THE DATA:
*-*-*

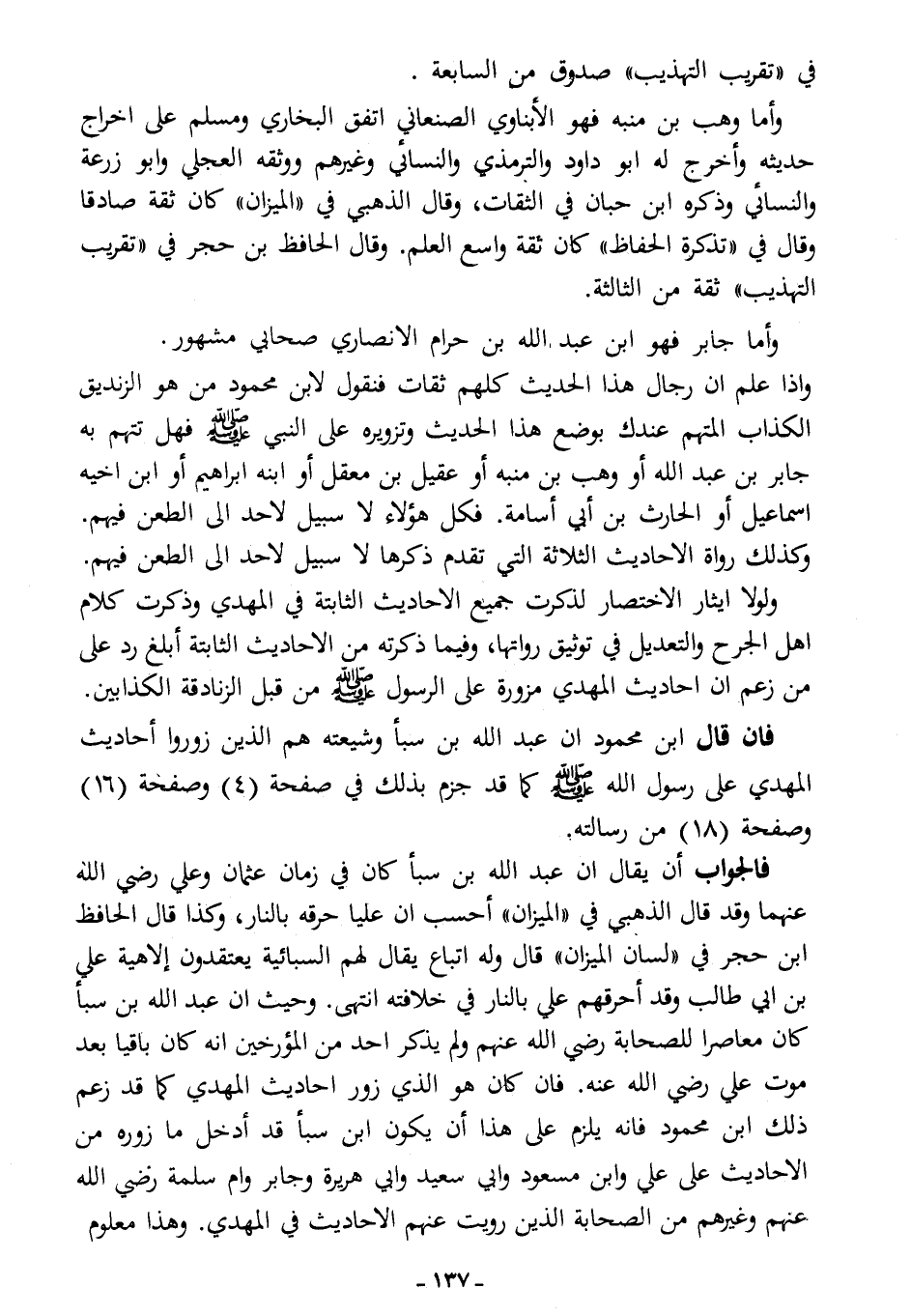 فالجواب: أن يقال: إن عبد الله بن سبأ كان في زمان عثمان وعلي -رضي الله عنهما- وقد قال الذهبي في "الميزان": "أحسب أن عليًا حرقه بالنار"، وكذا قال الحافظ ابن حجر في "لسان الميزان" قال: "وله أتباع يقال لهم السبائية، يعتقدون إلاهية علي بن أبي طالب، وقد أحرقهم علي بالنار في خلافته". انتهى. وحيث أن عبد الله بن سبأ كان معاصرًا للصحابة -رضي الله عنهم- ولم يذكر أحد من المؤرخين أنه كان باقيًا بعد موت علي -رضي الله عنه-، فإن كان هو الذي زوَّر أحاديث المهدي كما قد زعم ذلك ابن محمود، فإنه يلزم على هذا أن يكون ابن سبأ قد أدخل ما زوره من الأحاديث على عليٍّ وابن مسعود وأبي سعيد وأبي هريرة وجابر وأم سلمة -رضي الله عنهم- وغيرهم من الصحابة الذين رويت عنهم الأحاديث في المهدي، وهذا معلوم ..............................................
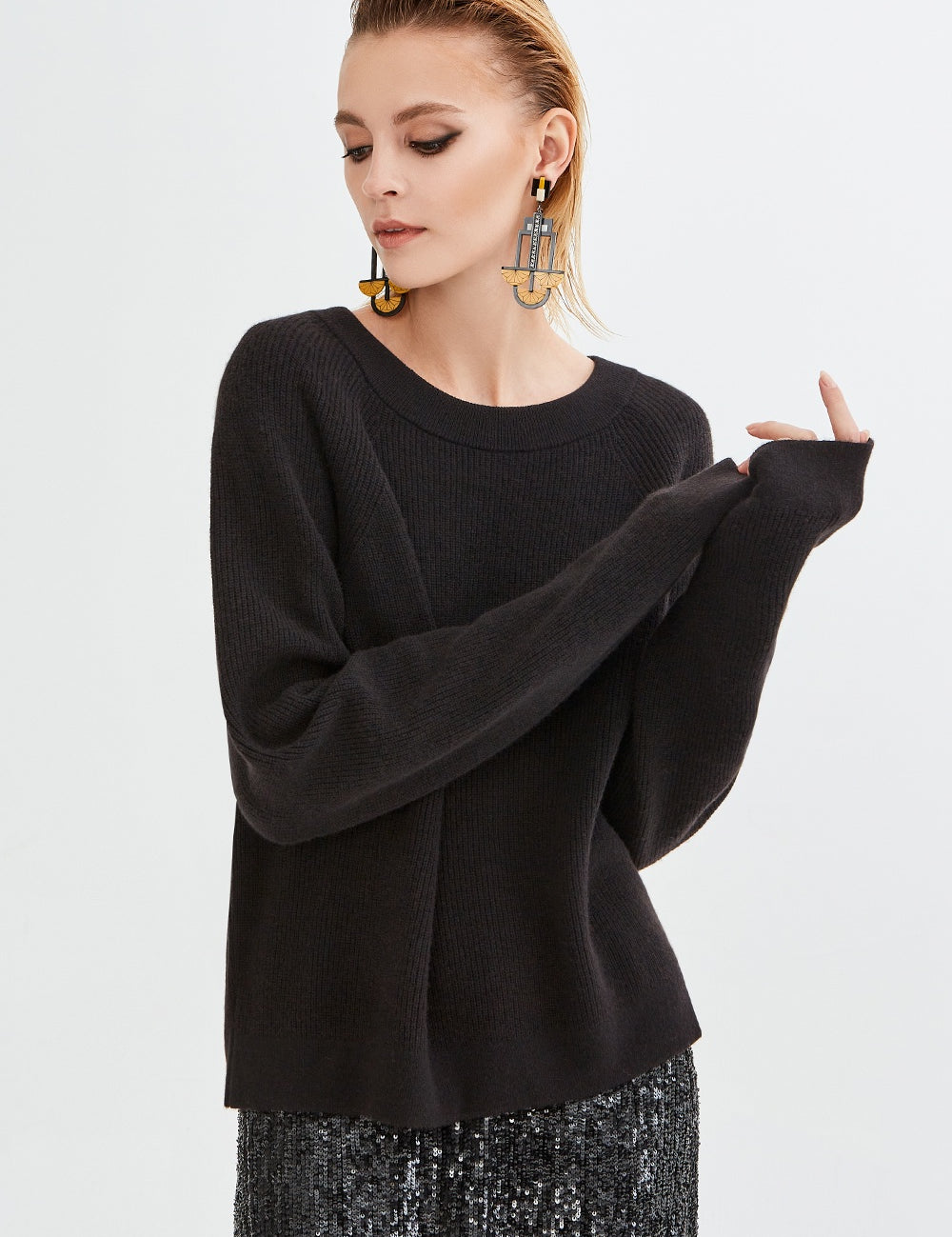 HEART BREAK REGLON SLEEVE SWEATER BLACK
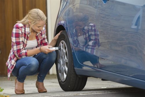 A quick air check can be the difference between a bumpy road trip and smooth sailing. Begin by driving around for a couple of miles because tires that have been parked for a while won’t have as accurate of a pressure reading. Then remove the valve cap from the tire, place the pressure gauge on the valve stem, and press until the hiss sound disappears and the gauge offers a reading. This reading should match the recommended PSI, which you can find on the driver’s side door jamb or in the owner’s manual. If the reading indicates the tires need air, head to your local tire shop or gas station.
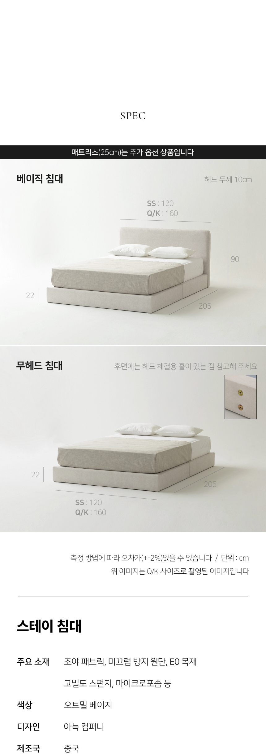 아늑 스테이 호텔식 베이직 패브릭 침대 슈퍼싱글

*-*-*

DESCRIPTION OF THE TASK: Only the lines from the line containing "HEART BREAK REGLON SLEEVE SWEATER BLACK" through the end of the material should be retyped, exactly and in full, with no pictures.

THE COMPLETED TASK:
 HEART BREAK REGLON SLEEVE SWEATER BLACK
 A quick air check can be the difference between a bumpy road trip and smooth sailing. Begin by driving around for a couple of miles because tires that have been parked for a while won’t have as accurate of a pressure reading. Then remove the valve cap from the tire, place the pressure gauge on the valve stem, and press until the hiss sound disappears and the gauge offers a reading. This reading should match the recommended PSI, which you can find on the driver’s side door jamb or in the owner’s manual. If the reading indicates the tires need air, head to your local tire shop or gas station.
 아늑 스테이 호텔식 베이직 패브릭 침대 슈퍼싱글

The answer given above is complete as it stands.